HENDERSON’S MOST VALUABLE CONTRIBUTION TO TODAY’S NURSING IN


AREAS OF:

PRACTICE

 Nurses, whose main responsibility is to care for patients directly, get instant
satisfaction in watching patients transition from dependency to independence.

 Helps nurses understand patients who are unable to do so due to a lack of strength,
education, or ability

 Uses the nursing process—assessment, planning, execution, and evaluation—to


solve problems and is not exclusive to the nursing field.

 The theory involves in making decisions that, entailed giving patients thoughtful care.

EDUCATION

 She suggested nursing programs and wrote several nursing publications, including
Nature of Nursing, Basic Principles of Nursing Care, and Textbook of the Principles
and Practice of Nursing, which have become nursing classics and are used as
standards for nursing practice.

 She examined the typical four-year nursing program's curriculum in the USA and
divided the courses into three categories: (1) the humanities, (2) the social sciences,
(3) the biological and physical sciences, and (4) the arts and sciences of medicine
and nursing. The increasing variety of nursing programs available leads to varied
nursing responsibilities being played in health care environments.

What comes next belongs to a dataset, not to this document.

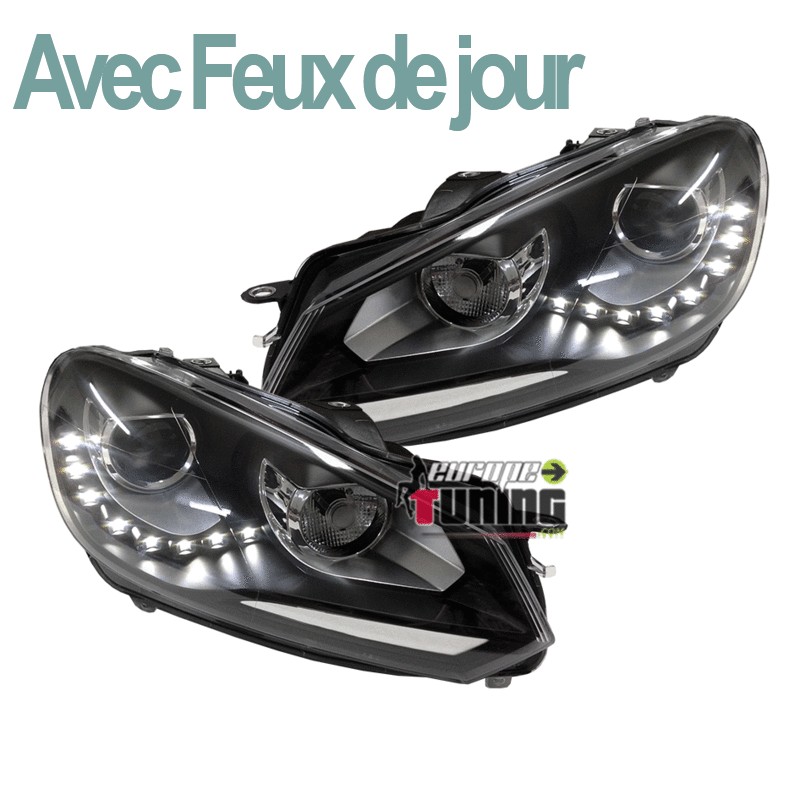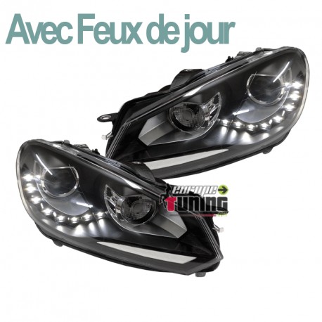 PAIRE DE PHARES AVEC FEUX DE JOUR (DIURNE - DRL - R87) SUR FONDS NOIRS LOOK PACK GTI AU XENON POUR VOLKSWAGEN GOLF VI

 Henderson (1977) placed a strong focus on encouraging multidisciplinary learning


and a humanistic approach to health care. There are three natural learning phases
in the fundamental nursing curriculum, which encompasses social and bio-physical
sciences. The first stage is devoted to helping the patient with his everyday activities,
the second stage is on symptomatic nursing or common physical and mental
dysfunctions, and the third stage incorporates care for the many phases of growth
and a person's whole life span.

RESEARCH
 In 1953, Henderson joined the Yale School of Nursing as a Research Associate to
embark on a critical assessment of nursing research. Her results showed that the
majority of nursing research focused on nurses rather than nursing care. A series of
editorials she published for trade publications sparked a shift in nursing research
toward a far more clinical focus. The research project that resulted in the four-
volume "Nursing Research: Survey and Assessment," co-authored with Leo
Simmons and published in 1964, and her four-volume "Nursing Studies Index"
completed in 1972 was her most impressive accomplishment.
 She created The Nursing Process as Applied to Henderson's Theory, which
combines the concept of nursing with the 14 components of Henderson's theory.

ADMINISTRATION

 In order for nurses to develop goals based on Henderson's 14 components,


Henderson's Need Theory can be used in nursing practice. In order to further
enhance one's effectiveness in providing nursing care, accomplishing the aim of
meeting the client's 14 requirements might be a fantastic starting point. Each of her
14 core ideas may be used as a research foundation in nursing, despite the fact that
they were not expressed in language that could be put to the test.